What happened in that alleyway was a matter of intense dispute as
investigations got under way. In its 1986 report, the MOVE Commission
concluded that police gunfire stopped adults and children from
escaping. The commission cited testimony by Ramona and Birdie Africa
and by police and firefighters who said they heard automatic or
semiautomatic gunfire that evening. But two months later, a state
grand jury came to the opposite conclusion, noting that officers
testifying with immunity from prosecution denied there was firing.
The grand jury also noted that Birdie and others might have
misinterpreted the noise of the fire, breaking glass, and crackling
electrical wires for gunfire.

In the aftermath, Africa was charged with conspiracy, riot, and
multiple counts of simple and aggravated assault. She was convicted
by a jury and sentenced to 16 months to seven years in jail. She
served the full sentence rather than renounce MOVE.

"This was deliberate murder and yet to this day not one single
official has ever been held accountable for the murder of my family," she said.

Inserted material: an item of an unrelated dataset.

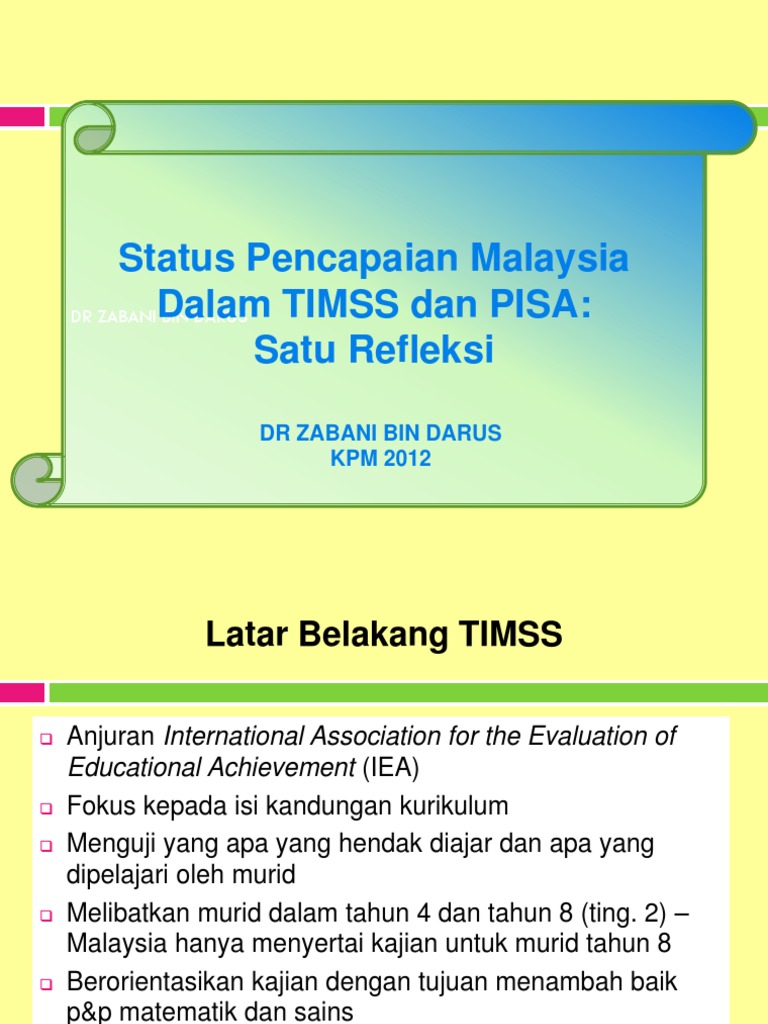 Saat ini pisa beranggotakan 66 negara di dunia. Berdasarkan data prestasi sains di timss (trends in international mathematics and science study) indonesia pada tahun 2003 indonesia berada diurutan 36 dan tahun 2007 diurutan 41. • wan nabil fikri bin wan mad mohtar d20111048012 • fawwaz bin abdullah d20111048015 • mohammad syazwan 21. Pisa — 15 yoshli o'quvchilarning savodxonligi va kompetensiyasini. Pisa(programme for international student assesment), timss (trends in.
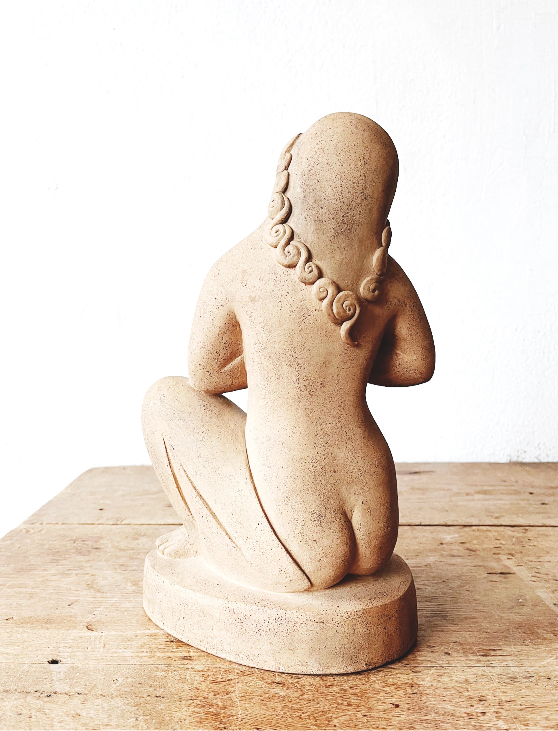 Contemplative and serene sandstone sculpture in a pale terra color. In the style of Lagriffoule. Weighty enough for use as a bookend or doorstop

"What happened May 13 hurt us. We can be hurt but we won't be
stopped. We turn that hurt, that anger and bitterness into energy to
keep fighting. Any system that can do what it did May 13 is a system
that is showing you how vicious it is and [that] must be stopped. If
they can drop a bomb and burn babies alive and never be charged with
anything, why wouldn't they feel they can shoot people down and get
away with it?"

Since her release in 1992, Africa has advocated for the MOVE Nine and
for Mumia Abu-Jamal, convicted in the 1981 murder of Philadelphia
Police Officer Daniel Faulkner.

In 1996, she won a federal lawsuit against the city. With interest,
she collected $564,378 and paid no lawyers' fees. She lives with
other MOVE members at 45th and Kingsessing Streets and earns
speaker's fees lecturing on MOVE and Abu-Jamal. In February, for
instance, she spoke at the University of Oregon School of Law in Eugene.

Over the years, Africa, who will be 55 in June, has honed her
recollections and her point of view:

"The media would come around and John Africa would send me out. After
May 13, when I was the only adult survivor, it started clicking. Oh,
that's why I'm minister of communications. We can't see, but John
Africa could see. He knew what he was doing."